When I discover a live-action movie isn’t on Disney+, I play a little game with myself—how bad is it, exactly, and it there anything on the service that’s worse? While this is definitely not a good movie, and also has some moments that even at the time were called out in a review—by Judith Martin, in her pre-Miss Manners days, yet—for being based on Mexican caricatures that no one would try with black caricatures, it’s still a better movie and less racist than The Castaway Cowboy, which has actually been added in the time since I wrote about it. I suppose because you can get away with Hawaiian caricatures today in a way no one would try with Mexican ones.
Lieutenant Jordan (Joey Forman) of the US Coast Guard has had enough of Balboa, where he’s dealing with boats set on fire by incompetent cooks and women going into labor on pleasure boats. He asks for a transfer to icebreaker duty in Alaska. His replacement is young Ensign Tom Garland (Robert Morse), son of a war hero who served with his commanding officer, Commander Taylor (Don Ameche). Only Tom seems to be jinxed; it all started the day he was born. December 7, 1941. At the Tripler Army Medical Center in Honolulu. He has a meet-cute with Kate Fairchild (Stephanie Power), who quickly goes from hating him to falling for him.
Meanwhile, a trio of jewel robbers are trying to make their way to Mexico. They are Harry (Phil Silvers), who goes by “Commodore Simmons,” Max (Norman Fell), and Charlie (Mickey Shaughnessy). Tom rams into their car on the way to the marina, and when a motorcycle cop is dealing with it, they hear over his radio that there are road blocks on the way to Mexico. So they decide to take a boat. Only they don’t know how to sail, and when they’re stuck in the fog, Tom manages to sink their sailboat with the Coast Guard cutter. So they need to retrieve the jewels from the bottom of the harbor.

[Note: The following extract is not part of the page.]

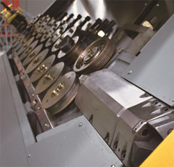GT5-12E-1数控钢筋调直切断机内部采用齿轮+同步带传动方式,牵引速度最快可达130m/min,动力强劲。上料部分配备自动穿丝装置,省时省力。满足双线全主动轮式调直,变化长度规格不需要任何人工机械调整,可加工生产10-12000mm任意长度的直条钢筋。自动的两级接料系统,可以实现多任务连续生产。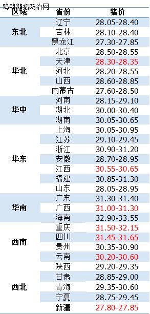 今日部分省份屠宰厂报价跌幅(元/公斤)情况:辽宁0.2-1、吉林0.2-0.6、黑龙江0.2-0.6、内蒙古0.4、天津0.8、河北0.2-0.8、陕西0.2-0.6、山西0.6-0.8、河南0.2-1.5、山东0.3-1、湖北0.3-1、湖南0.2-0.4、江苏0.4-0.8、安徽0.4-0.8、福建0.4、四川0.1-0.6、重庆0.4、广东0.4-0.5、云南0.6、贵州0.4、新疆0.2-0.5、甘肃0.4-0.8。

For many years, I’ve assumed I hadn’t seen this movie, as I don’t remember having done so and certainly haven’t as an adult. Very little of it seemed familiar this time around except that the robbers disguised the stolen jewels in a picnic basket, hiding them inside salamis and loaves of bread and pickles and things. I had a vague memory of knowing about that, although it might’ve been on a Disney Channel commercial for the movie. I was able to guess a fair amount, unto betting myself a shiny new nickel that Chiyoko Kuni (Midori) would turn out to speak English. And I was right.
This isn’t a Condorman situation, where the whole thing is improbable and unfamiliar and yet so eminently forgettable that I routinely have to check my own article to remember what the damn thing’s about. This is an extremely familiar movie whether you’ve seen it or not. The MST3K gang rightly mention it when doing Catalina Caper, a movie I’d note came out three years earlier. Whether Kevin Corcoran’s uncredited appearance is a reference to that, I can’t say, but it’s amusing to me, at least. Still, it’s also fitting that there are so many TV actors in it, because most of the jokes wouldn’t be out of place on a sitcom.
It’s not a movie so much as it is a pop culture punchline, and that’s pretty much what it deserves. Joe E. Ross shows up as an inept boat captain in a running gag that might well be lifted from The Phil Silvers Show, because Phil Silvers, but I don’t know; it might be from Car 54, Where Are You or something the scriptwriters thought up all on their own. The “Ooo, ooo” is definitely Ross’s catchphrase, though. Al Lewis, better known as Grandpa Munster, has a brief appearance. Half the cast at least were better known on TV.
It is the rare appearance of a Chekhov’s Submarine—in a weird moment of Disney Prescience Syndrome, there’s a small personal sub that shows up on the back of a truck at the beginning and becomes important in the third act, including a moment wherein Kate says that the sub must’ve been crushed by the pressure. It’s also got a bit in the scene lifted from Operation Petticoat, among other things, and an admittedly clever line about how U-boats always make a character want to speak German. But when that sub appears at the beginning, it’s not exactly surprising to see its third act return; several plot threads come together surprisingly well at the end.
It’s not a good movie, but it’s not a hugely bad one, either. Kate is an entertaining character who deserves a better movie around her. I winced when the jewel thieves managed to steer their sailboat into the dock of a Mexican restaurant and I heard the waiter’s accent. It only gets worse when Vito Scotti shows up at the end as Pepe Galindo. The whole bit with Trans Mexican Airways is awful, and Judith Martin is absolutely right about it.